Green Prawn Map

in memory of my grandfather H.T. Adamson



Morning before sunrise, sheets of dark air
hang from nowhere in the sky.
No stars there, only here is river.

His line threads through a berley trail,
a thread his life. There’s no wind
in the world and darkness is a smell alive

with itself. He flicks
a torch, a paper map Hawkesbury River
& District damp, opened out.
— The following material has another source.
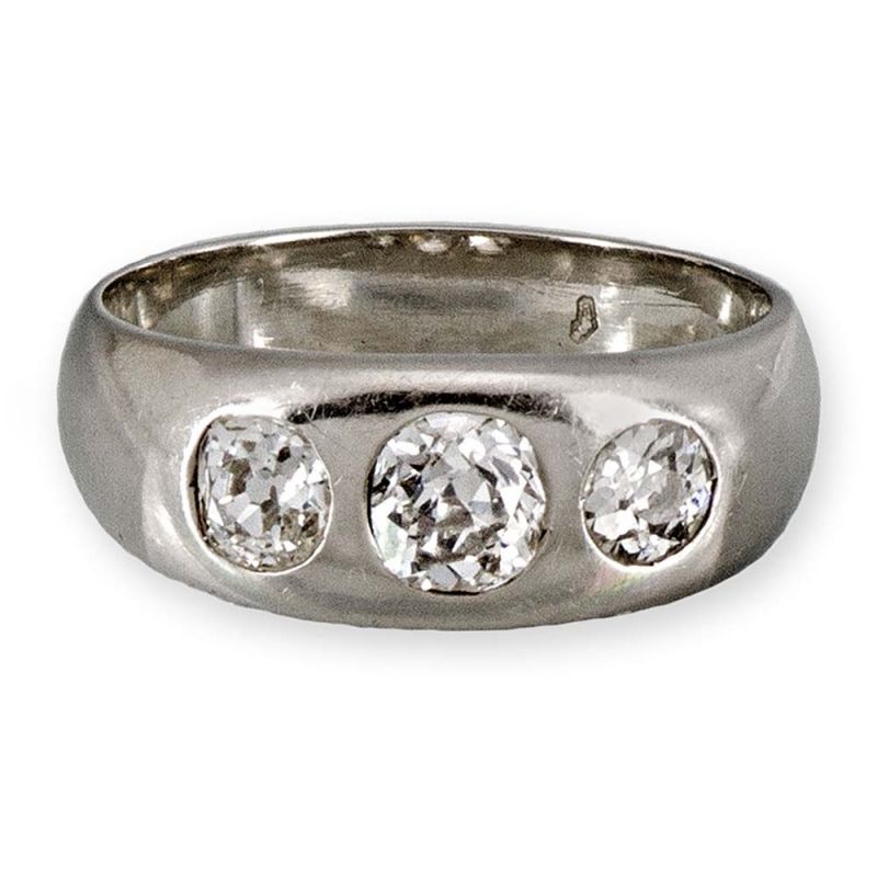 Műtárgy leírás – Bécs, 1920 körül, 14 k fehérarany, "WS" mesterjegy, öntött gyűrűtest, 3 db régi csiszolású briliánssal cca. 1,1 ct (R1-R2, W-TCr, VSI-P1) díszítve, kis sérüléssel, 6 g

No sound
but a black chuckle

as fingers turn the limp page.
Memory tracks its fragments, its thousand winds,
shoals and creeks, collapsed shacks

a white gap, mudflats – web over web
lace-ball in brain’s meridian.
This paper’s no map, what are its lines

as flashlight conjures a code
from a page of light, a spider’s a total blank?
So he steers upstream now

away from map-reason, no direction to take
but hands and boat to the place
where he will kill prawns, mesh and scoop

in creek and bay and take
his bait kicking green out from this translucent
morning

Flint & Steel shines
behind him, light comes in from everywhere,
prawns are peeled alive.

Set rods, tips curve along tide, the prawns howl
into the breeze, marking the page.
He’s alone as he does this kind of work –

his face hardened in sun, hands
moving in and out of water and his life.